START Data shown

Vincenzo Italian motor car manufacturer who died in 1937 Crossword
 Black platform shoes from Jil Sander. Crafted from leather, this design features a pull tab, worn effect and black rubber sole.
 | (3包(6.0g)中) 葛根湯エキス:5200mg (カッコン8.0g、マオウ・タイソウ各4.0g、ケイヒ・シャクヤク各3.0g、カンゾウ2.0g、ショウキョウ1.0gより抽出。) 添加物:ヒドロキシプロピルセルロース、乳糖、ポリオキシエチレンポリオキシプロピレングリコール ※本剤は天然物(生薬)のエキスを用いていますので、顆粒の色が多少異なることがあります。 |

END Data shown
START Data shown

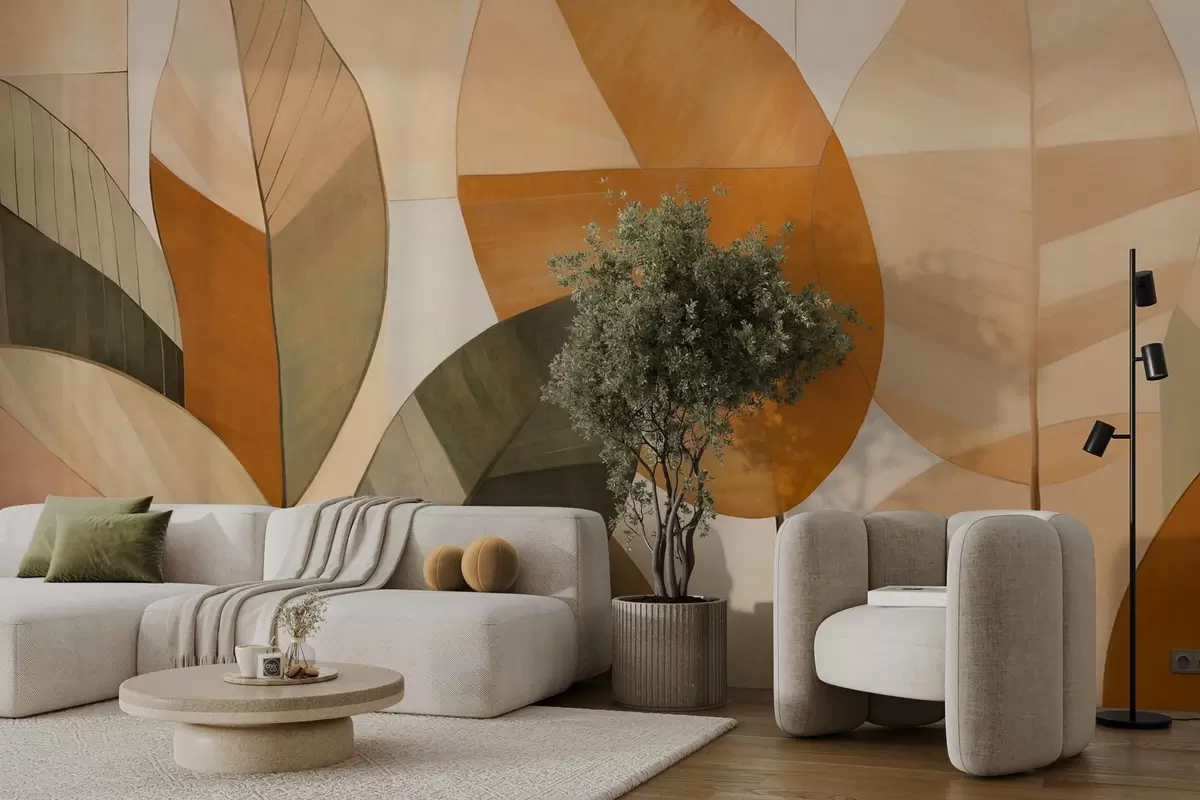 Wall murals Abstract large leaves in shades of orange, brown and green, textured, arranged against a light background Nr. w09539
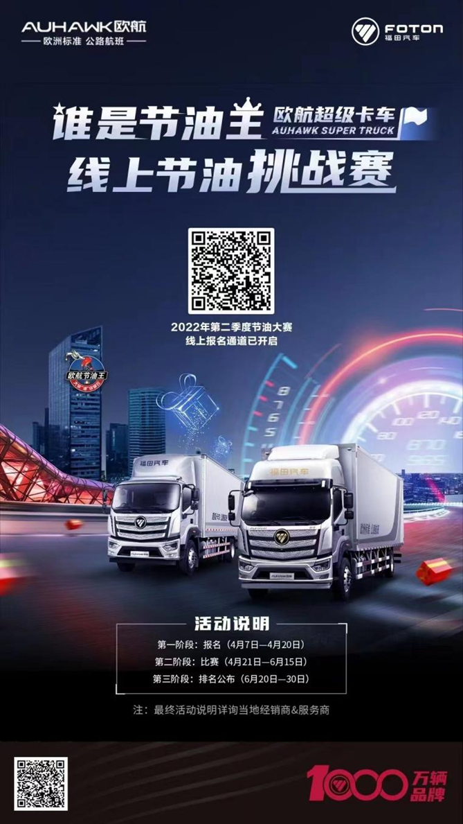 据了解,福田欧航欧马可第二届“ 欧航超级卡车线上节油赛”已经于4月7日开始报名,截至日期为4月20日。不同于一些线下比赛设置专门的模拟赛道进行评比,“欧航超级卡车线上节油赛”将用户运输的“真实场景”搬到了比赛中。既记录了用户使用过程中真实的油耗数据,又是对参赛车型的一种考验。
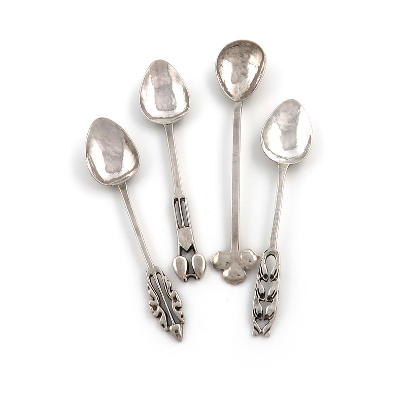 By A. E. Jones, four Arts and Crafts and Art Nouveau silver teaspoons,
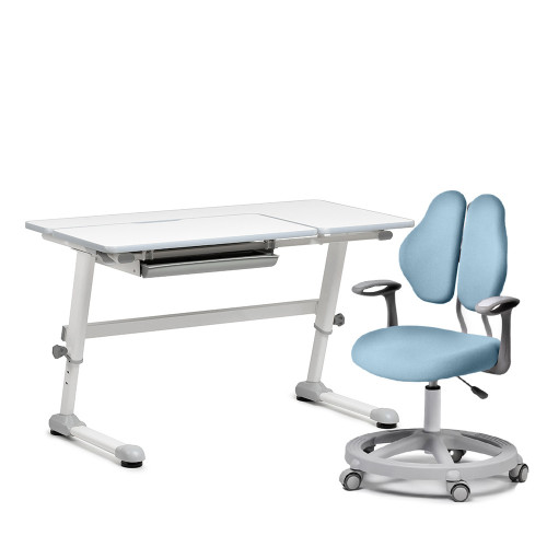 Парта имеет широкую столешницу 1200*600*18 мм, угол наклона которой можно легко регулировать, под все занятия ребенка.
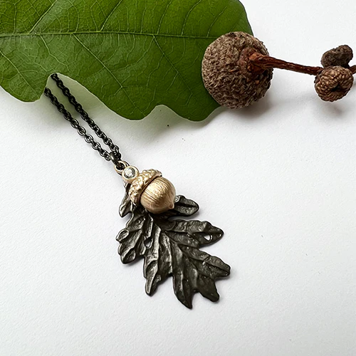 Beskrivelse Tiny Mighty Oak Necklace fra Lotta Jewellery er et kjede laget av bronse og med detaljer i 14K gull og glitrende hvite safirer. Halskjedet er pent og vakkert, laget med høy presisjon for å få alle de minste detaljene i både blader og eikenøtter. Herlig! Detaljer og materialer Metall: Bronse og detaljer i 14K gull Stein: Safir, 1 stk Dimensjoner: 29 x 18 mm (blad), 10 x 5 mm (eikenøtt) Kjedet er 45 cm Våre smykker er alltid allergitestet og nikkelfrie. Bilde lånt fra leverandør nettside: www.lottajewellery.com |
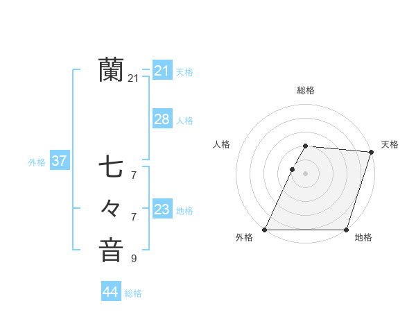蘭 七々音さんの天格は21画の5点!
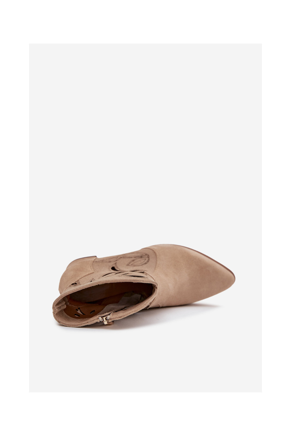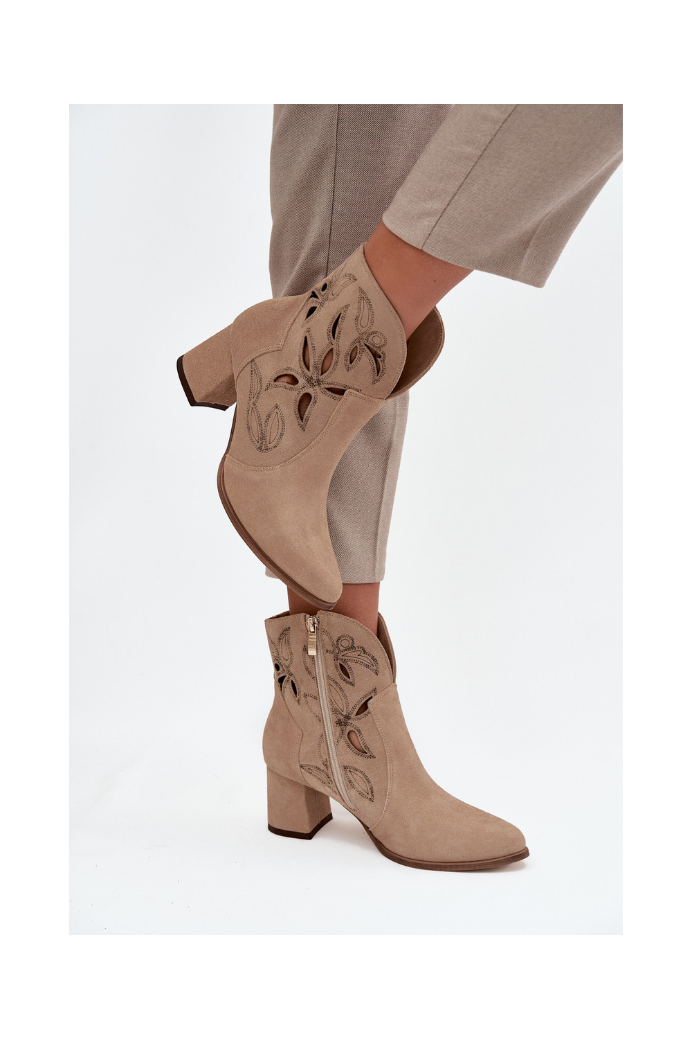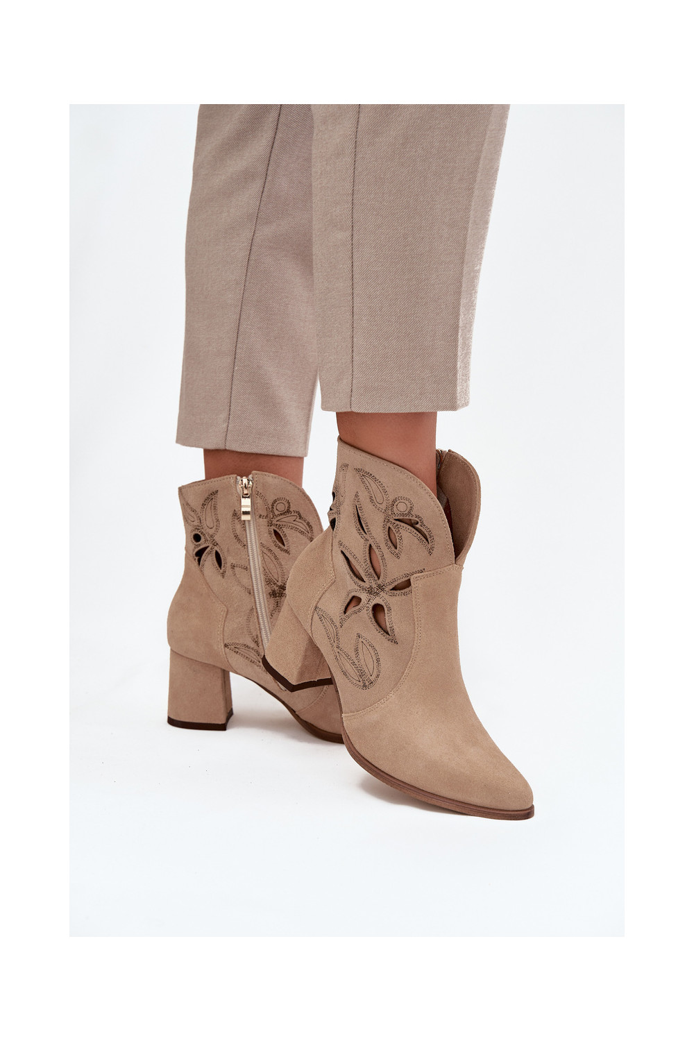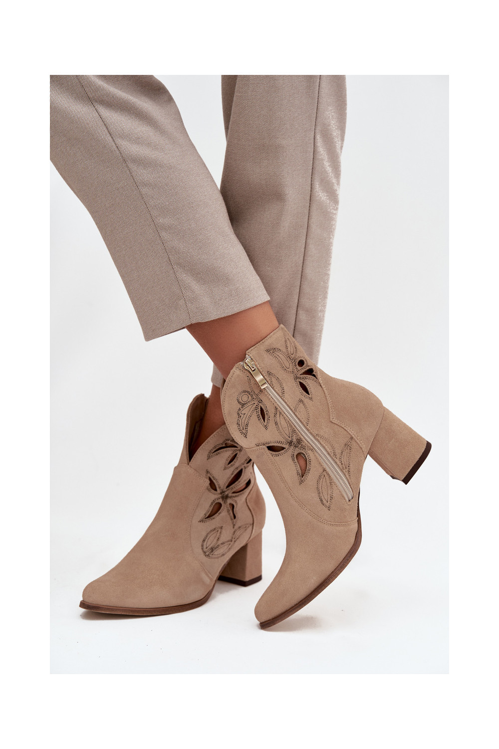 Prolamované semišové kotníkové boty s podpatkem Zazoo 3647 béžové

END Data shown
START Data shown

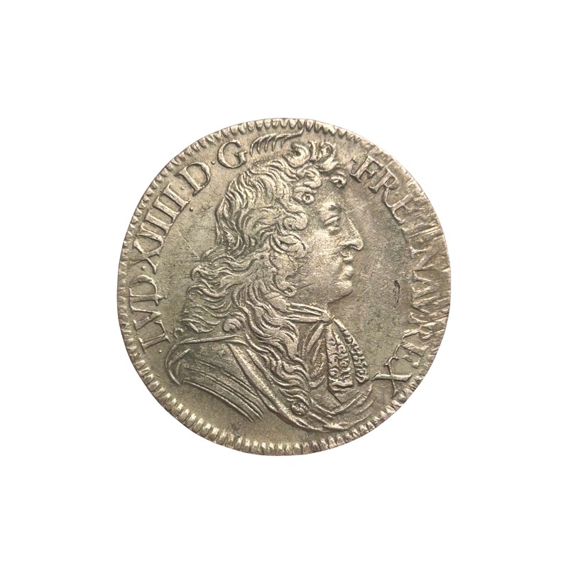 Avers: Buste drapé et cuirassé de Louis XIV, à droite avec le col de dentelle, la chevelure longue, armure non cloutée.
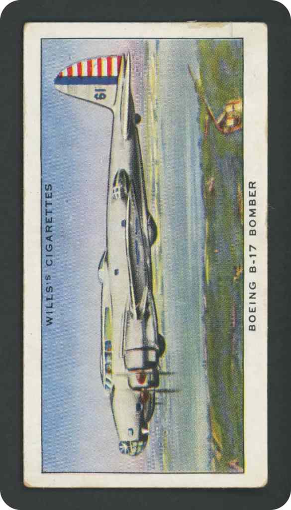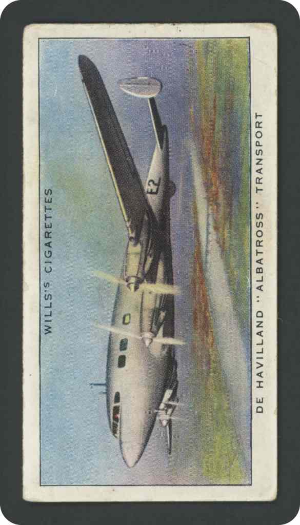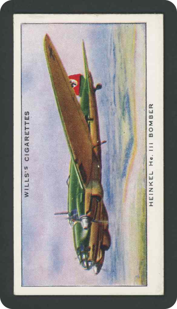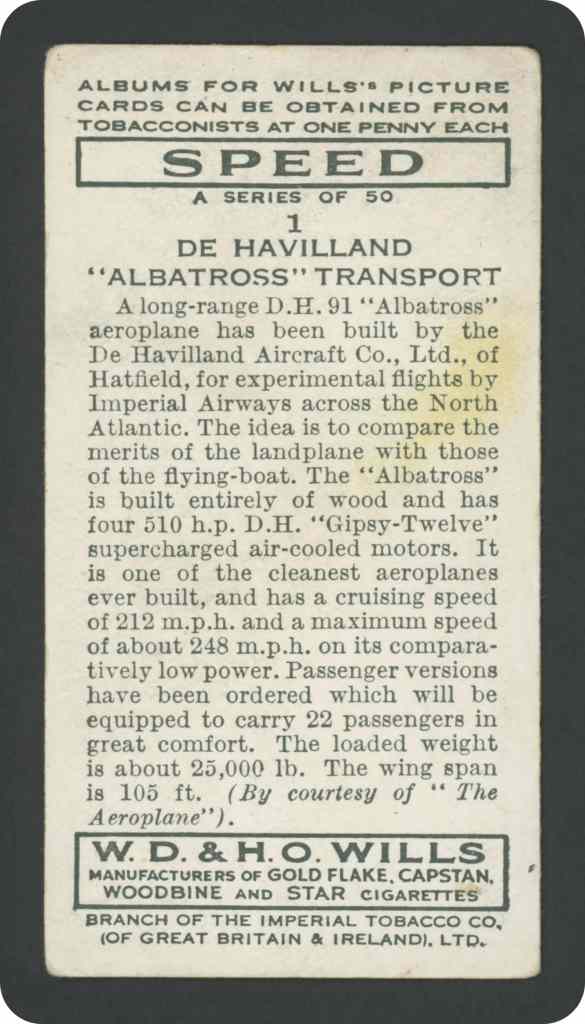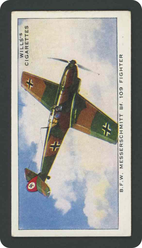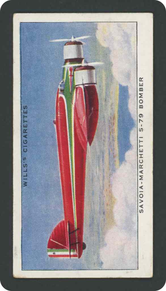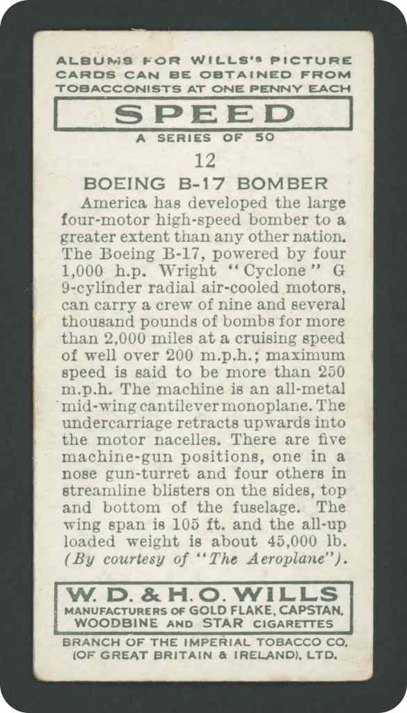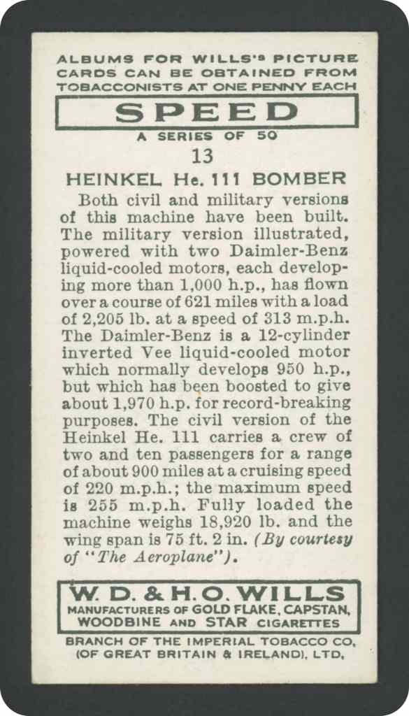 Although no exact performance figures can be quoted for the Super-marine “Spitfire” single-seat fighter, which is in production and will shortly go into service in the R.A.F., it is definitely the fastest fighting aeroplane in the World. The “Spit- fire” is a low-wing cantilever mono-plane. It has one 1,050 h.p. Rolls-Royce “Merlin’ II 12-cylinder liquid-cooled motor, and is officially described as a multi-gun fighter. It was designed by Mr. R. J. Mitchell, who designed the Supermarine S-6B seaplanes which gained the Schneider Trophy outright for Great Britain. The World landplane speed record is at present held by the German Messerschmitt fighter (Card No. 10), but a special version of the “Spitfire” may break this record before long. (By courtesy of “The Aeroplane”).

END Data shown

• [Goal of the exercise]: From the data above, retype only the lines starting with the line with "Wall murals Abstract" and going on through the line with "Prolamované semišové kotníkové", exactly, leaving out the pictures.

• [Written response]:
 Wall murals Abstract large leaves in shades of orange, brown and green, textured, arranged against a light background Nr. w09539
 据了解,福田欧航欧马可第二届“ 欧航超级卡车线上节油赛”已经于4月7日开始报名,截至日期为4月20日。不同于一些线下比赛设置专门的模拟赛道进行评比,“欧航超级卡车线上节油赛”将用户运输的“真实场景”搬到了比赛中。既记录了用户使用过程中真实的油耗数据,又是对参赛车型的一种考验。
 By A. E. Jones, four Arts and Crafts and Art Nouveau silver teaspoons,
 Парта имеет широкую столешницу 1200*600*18 мм, угол наклона которой можно легко регулировать, под все занятия ребенка.
 Beskrivelse Tiny Mighty Oak Necklace fra Lotta Jewellery er et kjede laget av bronse og med detaljer i 14K gull og glitrende hvite safirer. Halskjedet er pent og vakkert, laget med høy presisjon for å få alle de minste detaljene i både blader og eikenøtter. Herlig! Detaljer og materialer Metall: Bronse og detaljer i 14K gull Stein: Safir, 1 stk Dimensjoner: 29 x 18 mm (blad), 10 x 5 mm (eikenøtt) Kjedet er 45 cm Våre smykker er alltid allergitestet og nikkelfrie. Bilde lånt fra leverandør nettside: www.lottajewellery.com |
蘭 七々音さんの天格は21画の5点!
 Prolamované semišové kotníkové boty s podpatkem Zazoo 3647 béžové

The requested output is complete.